2018年8月27日月曜日

もう一歩進める:MIT App Inventorで人工知能体験

 オープンキャンパスでは、スマホを使ったAI(人工知能)アプリの開発体験をしました。とても好評で良かったのですが、さらにもう一歩進めることを検討してみます。この体験は、スマホで撮影した物の画像をMicrosoftのImage Recognizerに送って、その認識結果を利用するというものでした。この場合、ニューラルネットワークを使った学習(training)そのものには、受講生は全く関わっていません。そこんところに少し入り込みたいです。

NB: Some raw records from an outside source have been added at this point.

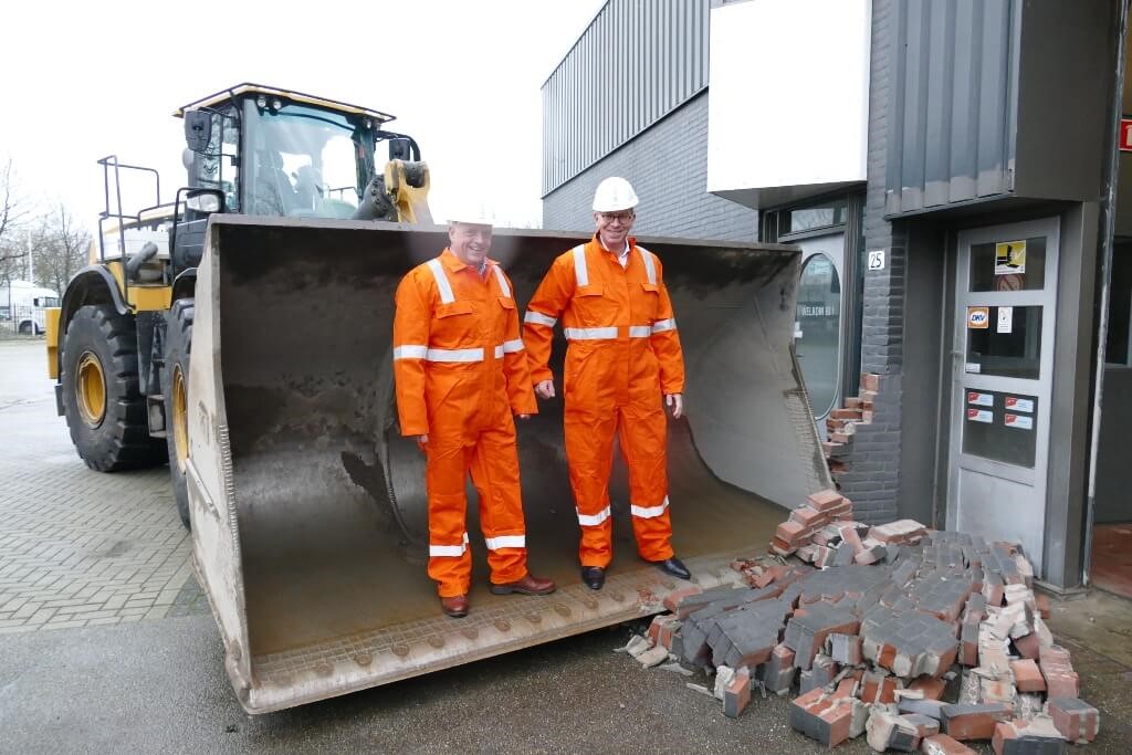 Piet und Michel Heerkens auf dem Bulldozer nach dem symbolischen Anstoß des Neubaus 2018.
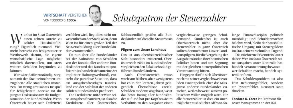Oberösterreich – Schutzpatron der Steuerzahler - IWS - Initiative Wirtschaftsstandort Oberösterreich
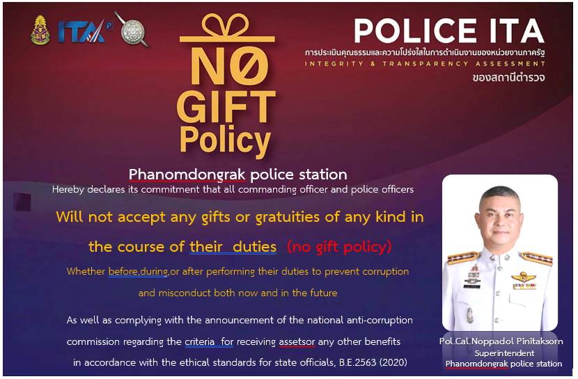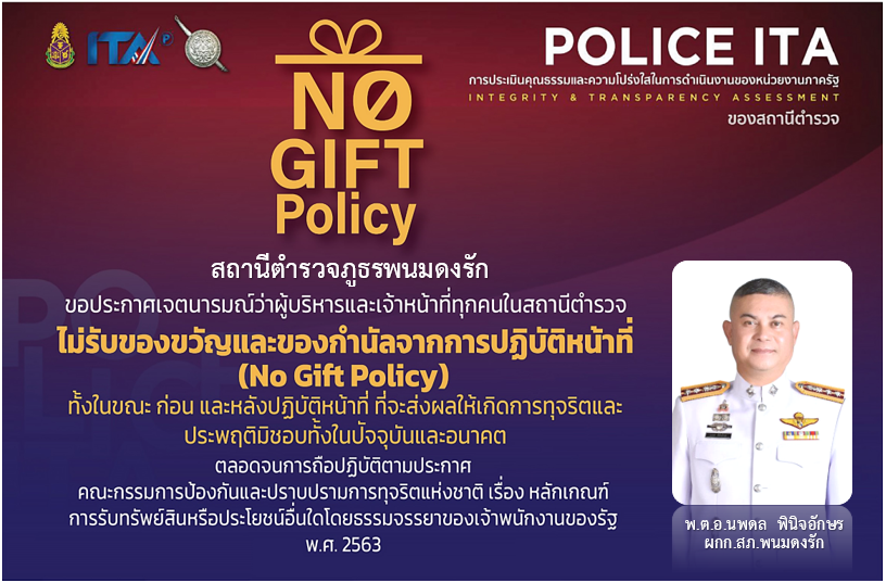 การประกาศเจตนารมณ์ ไม่รับของขวัญและของกำนัลทุกชนิดจากการปฏิบัติหน้าที่ (No Gift Policy) ของสถานีตำรว
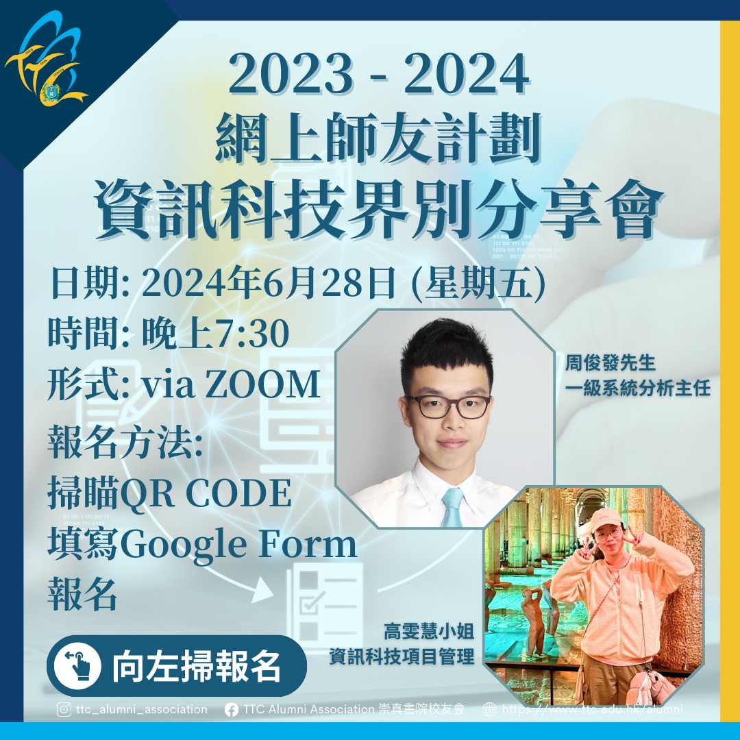 From 2022 to 2024, thanks to the support of our alumni, the Executive Committee organized multiple Alumni Sharing Sessions, in which different industry information and experience after graduation in TTC were shared with students and alumni.
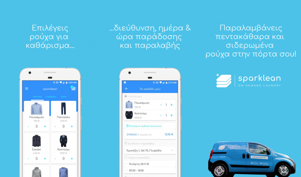 Πρόκειται για την πιο εύκολη διαδικασία καθαριστηρίου που έζησες ποτέ, από την άνεση του σπιτιού σου. Το μόνο που χρειάζεται να κάνεις είναι να κατεβάσεις την εφαρμογή (ή να μπεις από τον υπολογιστή σου στο Sparklean.gr) και να δημιουργήσεις σε μόλις λίγα δευτερόλεπτα τον λογαριασμό σου. Στη συνέχεια, επιλέγεις τα ρούχα που θέλεις (έχει διαχωρισμό σε αντρικά και γυναικεία) ή την εξίσου βολική κατηγορία «σπίτι», όπου επιλέγεις από την μάλλινη κουβέρτα μέχρι το μαξιλάρι σου. Τέλος, προσθέτεις την τοποθεσία που θα τα παραλάβει και θα τα παραδώσει το βαν της Sparklean, αλλά και την ώρα, από τις 7:30 μέχρι και τις 20:30 όλες τις καθημερινές, σε time slot ανά μισάωρο. Υπάρχει και η επιλογή του Σαββάτου, από τις 10:00 μέχρι τις 15:00.
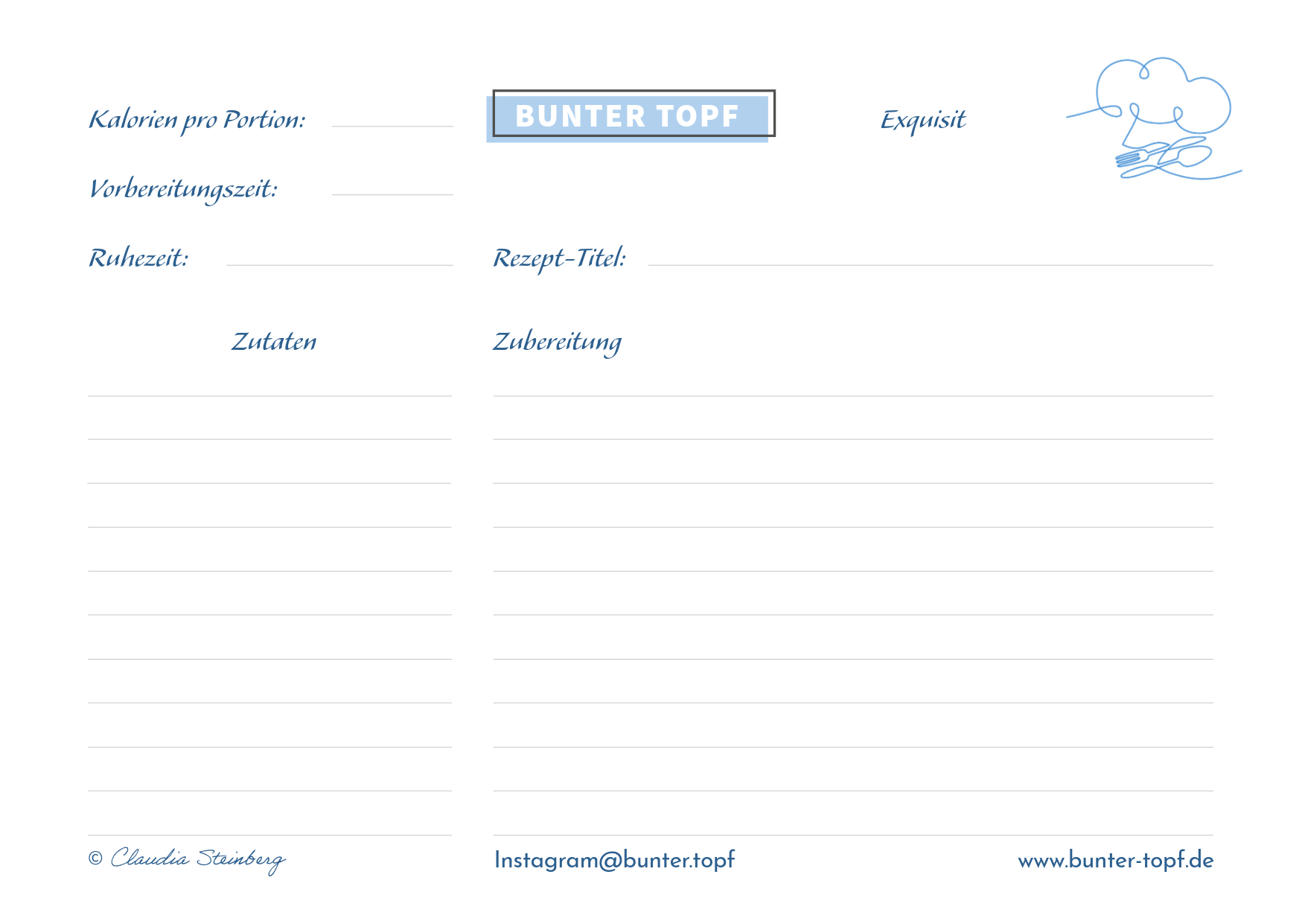 Rezeptkarte d-blau blanko Hauptgang
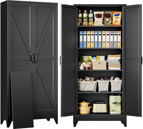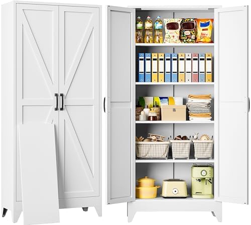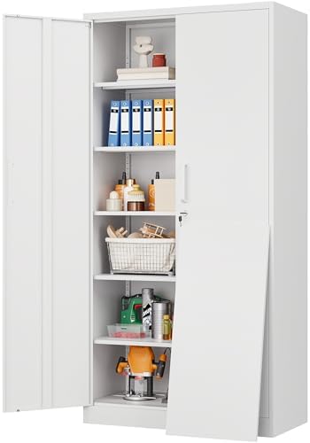 View full detailsWide & Deep Metal Storage Cabinet with 2 Doors and 5 Adjustable Shelves,White Locking Metal Cabinet,Large Garage Storage Cabinets,Lockable Tall Pantry Cabinets for Home,Office,Garage,Shop 72x36x18
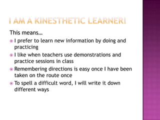Jesse Cooper prefers to learn by doing and practicing. He likes when teachers use demonstrations and practice sessions in class. Once shown directions once, remembering them is easy for Jesse. To spell difficult words, he writes them down different ways.
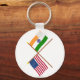 The gently waving flags of the United States and your "other" favorite place on crossed poles are an excellent way to display your affections or affiliations. Whether your current or ancestral home, someplace you have visited or would like to visit, or just because you like that flag, this keychain is for you!
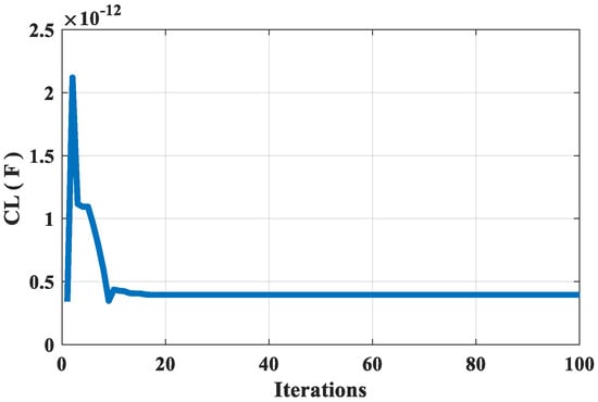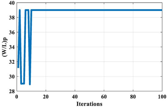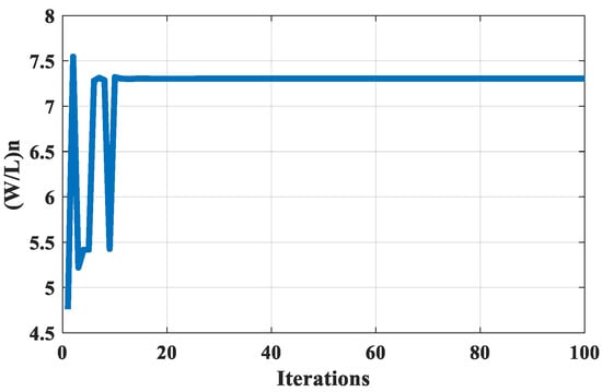 Figure 4 shows the convergence of the objective function, given in 13, with the iterations for the seventh design set. In Figure 4, it can be seen that the objective function reaches an optimal value of 2.7473019 × 10−20 s. The 7th design set wass chosen since it has the lowest value of the cost function. Figure 5, Figure 6 and Figure 7 show the convergence plots of the inverter design parameters, CL, (W/L), and (tf), for the same design set. In Figure 5, the optimum value for the load capacitance is 0.7122034 pF and it starts to converge after 24 iterations. The aspect ratio (W/L) optimum value for the seventh set is shown in Figure 3 to be equal to 1.8113496. The optimum value for the fall time is equal to 2.1820107 ns as shown in Figure 7.
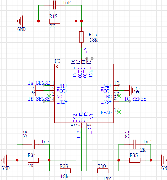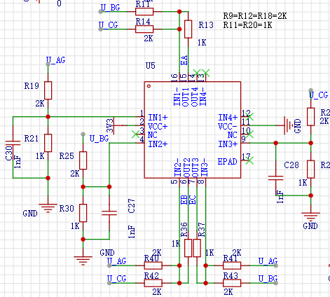 U5是4路通用运放,型号:LM324QT,封装尺寸:VQFN-16_L3.0-W3.0-P0.50-TL-EP 是我能在立创商城找到的最小体积的4路运放。根据模电的知识,按照式7.2接成加减法运算电路。

 つまり、自分自身のモデルを用意して(分類したい画像などを収集し)、学習させ、その結果のニューラルネットワークを使って、認識テストしたい、ということです。でも、そうなれば少なくとも、いくらのコード(Tensorflowを使う場合は数十行程度、Kerasを使うと十数行程度)は書く必要があります。また、SonyのNeural Network Consoleを使うとコーディングは不要ですが、ニューラルネットワークの構成を理解してそれを(ビジュアルに)与える必要があります。

 そういうことすらせずに、自分のモデルを使ったAI体験ができれば、初心者には非常に良いのではないか。実は、それをやっているプロジェクトが英国にすでにありました。一度ご紹介したことがあますが、以下のサイトです。

Deep Learning for Kids
https://machinelearningforkids.co.uk/#!/about

 タイトルは、for Kidsとあるのですが、大人が(情報工学科の教員でも)やってもたいへん面白く、ちょっとした実用性も感じられます。さっそくやってみましょう。ここでは、AIとして最も基本的な、教師あり学習による画像認識をやります。

5種類のコインを識別する問題

対象は何でもいいです。各自用意してください。できれば、3種類〜5種類くらいのもので、それぞれ10個以上の個体があるものが望ましいです。私の場合は、かって欧州出張した際に持ち帰った幾つかのコインの識別を行うことにしました。

5種類のコインの識別をやってみよう
 上記に記したURLへ行って(ユーザ登録は必要)、ブラウザだけで以下を行えます。コーディングはありません!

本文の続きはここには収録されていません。